И вот мы шли по улице, и вдруг из моей речи он понял, что я приехал не просто в гости к его брату, а в командировку от газеты. (Это я обмолвился, учитывая, что он журналист.) Лицо его затуманилось, и вдруг его прорвало. Передать речь его в точности я не берусь — никто не поверит…

— И ты будешь про нас писать? — сказал он.

После этого он стал разговаривать со мной так: увидит — арбузы везут…

— Это армянский арбуза, — говорит. Увидит ослика…

— Это армянская ишак, — говорит.

— Это армянский очень толстый женщина. А это армянский пиво. Пиво хочешь? Арбуз хочешь? Это обыкновенный армянский такси. Поедем, хочешь?

Я сначала улыбался, потом надумал обидеться. Но сдержался. Потом мне было уже проще: я знал, что это будет армянский забор, а это армянский столб, а это обыкновенный армянский милиционер. Как ему не надоело? Я уже не обижался, а думал: почему он так?

Наконец он устал.

— Только не пиши, пожалуйста, — сказал он, — что Армения — солнечная, гостеприимная страна.

Помолчал и добавил:

— Я вот сколько живу тут и пишу, а все не написал, какая она.

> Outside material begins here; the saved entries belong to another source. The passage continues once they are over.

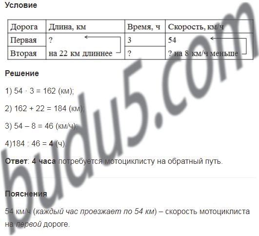Мотоциклист проехал расстояние от одного города до другого за 3 ч, двигаясь со скоростью 54 км/ч. Сколько времени потребуется мотоцик­листу на обратный путь, но уже по другой дороге, если она длиннее первой на 22 км, а его скорость будет меньше прежней на 8 км/ч?
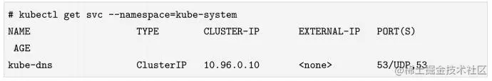 如上所示,Kube-dns的IP地址是10.0.0.1,而API Server的Cluster IP地址是10.0.0.10。
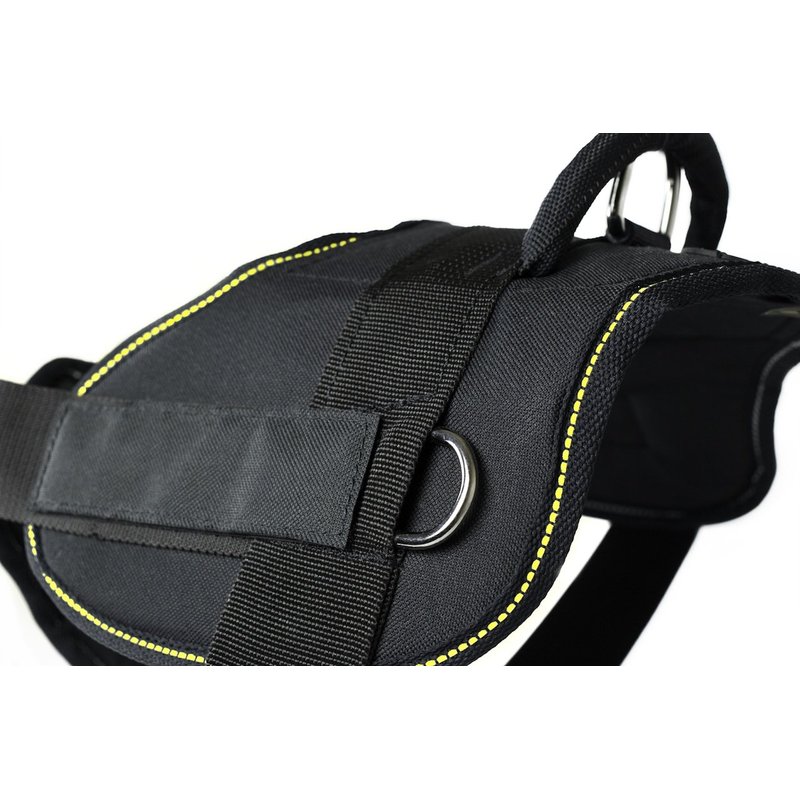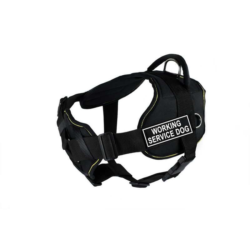 Dean & Tyler D&T FUN-CH WRKSD YT-M Fun Dog Harness with Padded Chest Piece, Working Service Dog, Medium, Fits Girth 71cm to 86cm, Black with Yellow Trim
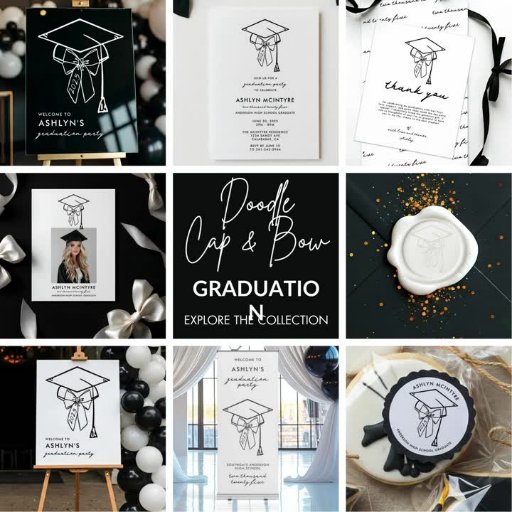 Fira din examenståks stora dag med denna stilrena minimalistiska examenspresenttagg! Med en handritad teckning av en examenshatt prydd med en söt bow, är denna moderna svart-vita design både elegant och tidlös. Perfekt för gymnasie- eller högskoleexaminerade, är det lätt att anpassa med dina evenemangsuppgifter. En klassisk avslutande touch för presenter, partisfavoriter eller examensfirande dekorationer!
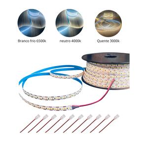 Características Técnicas: Potência Total: 900w Potência por metro: 18w Fluxo luminoso: 97500Lm Cor da luz: 3000K (branco quente), 6500K (branco frio) e 4000k (branco neutro) Tensão: 12V Densidade: 240 LEDs por metro IRC: 80 Proteção: IP20
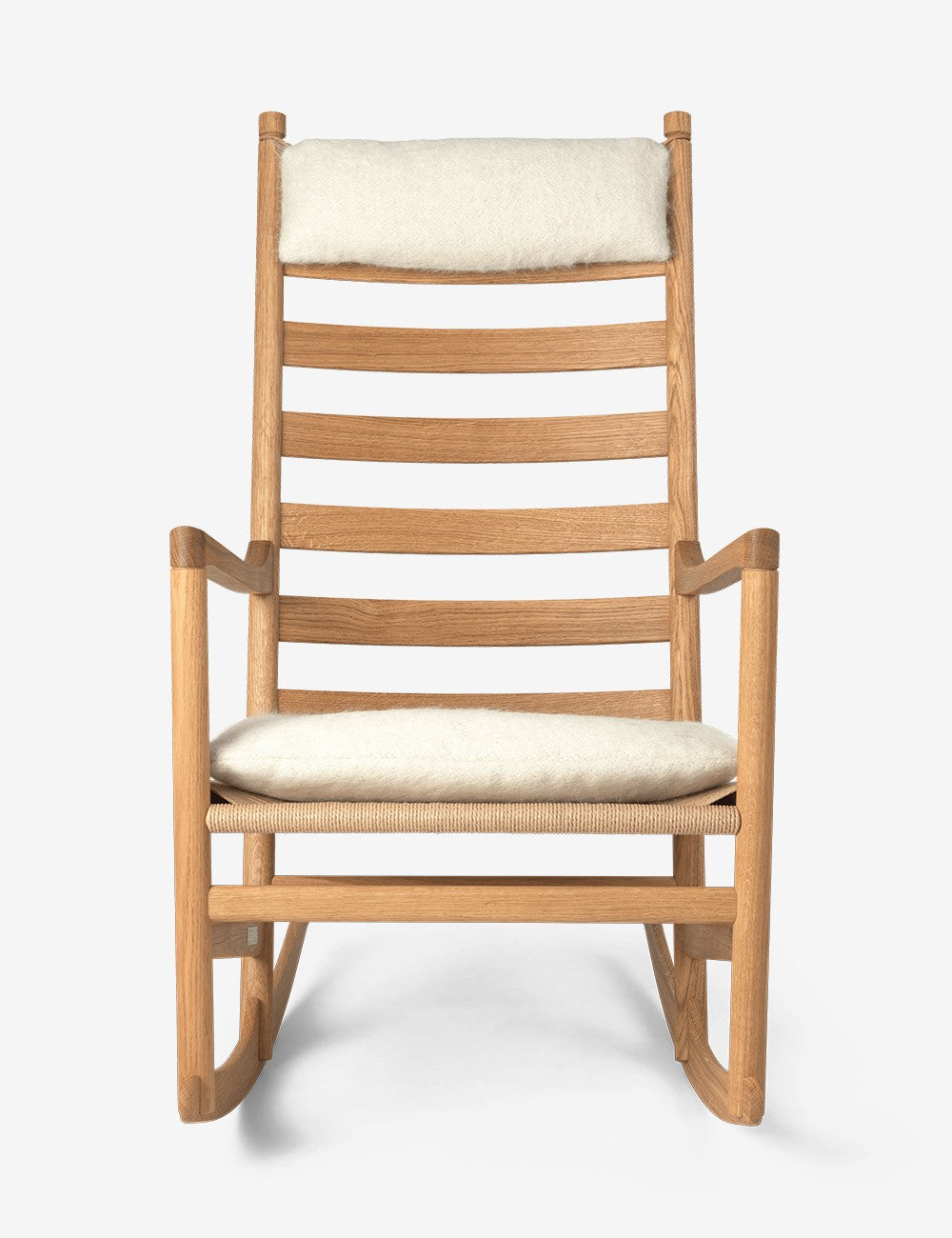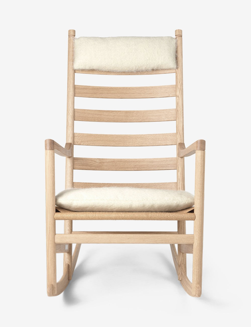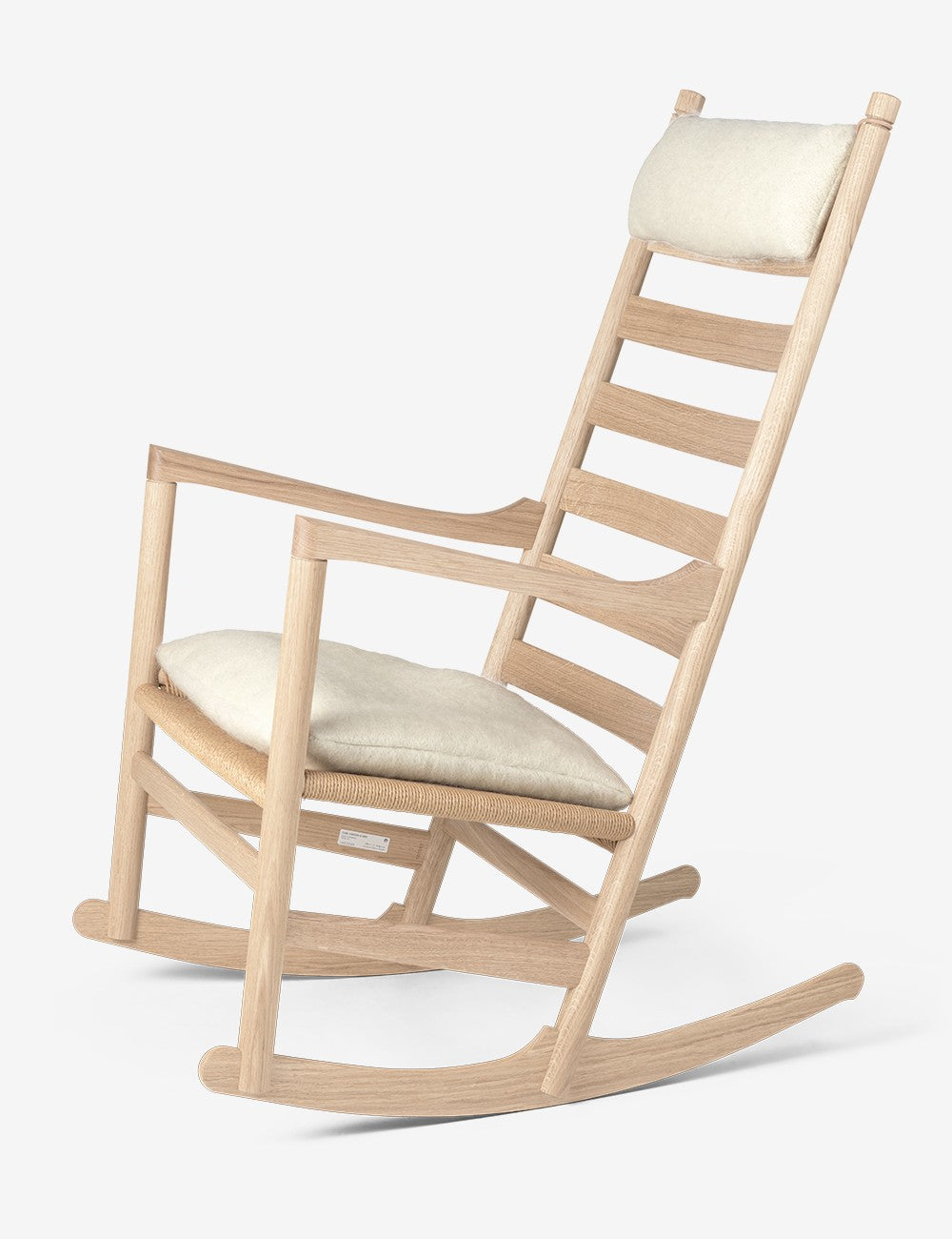 Diseñada en 1965, la mecedora CH45 forma parte de una serie más amplia diseñada por Wegner para Carl Hansen & Søn, que incluye la butaca CH44, las sillas de comedor CH46 y CH47 y el taburete CH53, que siguen fabricándose en la actualidad.

— Знаешь, — сказал я искренне, — это же и меня мучит. Я даже думаю, что ничего писать не буду. Что я увижу за две недели? Что пойму? Серьезно не напишешь, а несерьезно об Армении я уже писать не могу… И потом, если рассудить, разве бы я сам, для собствен ной радости, не согласился бы сюда приехать? За свои деньги? Значит, верну деньги за командировку и скажу «спасибо». Тем более что я же не работаю в газете и от нее не завишу.

— Ну зачем же возвращать?! — возмутился брат друга. — Почему же это ты не напишешь?.. Поживи еще. Напишешь… — сказал он, и этой его интонации я уже совсем не понял: «напишешь» — это хорошо или плохо?

И вот кончилось мое путешествие, вот я дома, вот я мучился, мучился, гуляя вокруг стола, и вот все-таки сел за машинку.

И что же я вывел в первой фразе?

«Армения — солнечная, гостеприимная страна».

И что же я вдруг услышал?

— Чэ, чэ, чэ! Чэ, Андрей, чэ!

— Да, но это же так! — Я покраснел.

— Чэ, Андрей, чэ! Я поднатужился:

«Армения — горячая, многострадальная земля». -Чэ.

— Ну какая же она, твоя Армения?! — взвился я.

— Знал бы, сам написал.

— Ну скажи хоть лучше, чем я! Смотри, я сказал: горя чая… Разве сразу найдешь такое слово? Именно горячая. Тут все горячо: небо, земля, воздух, солнце, люди, история, кровь, та, что в людях, и та, что из людей…

— Чэ, Андрей.

— Ну скажи лучше, попробуй!

— Попробую… Армения — моя родина.

— Ты прав. Но не моя же! Я не могу так написать!

— Но я же очерк пишу! Не стихи, не рассказы. Очерк Путевые заметки. Заметки чужого человека. Заметки не армянина. Очерк, понимаешь?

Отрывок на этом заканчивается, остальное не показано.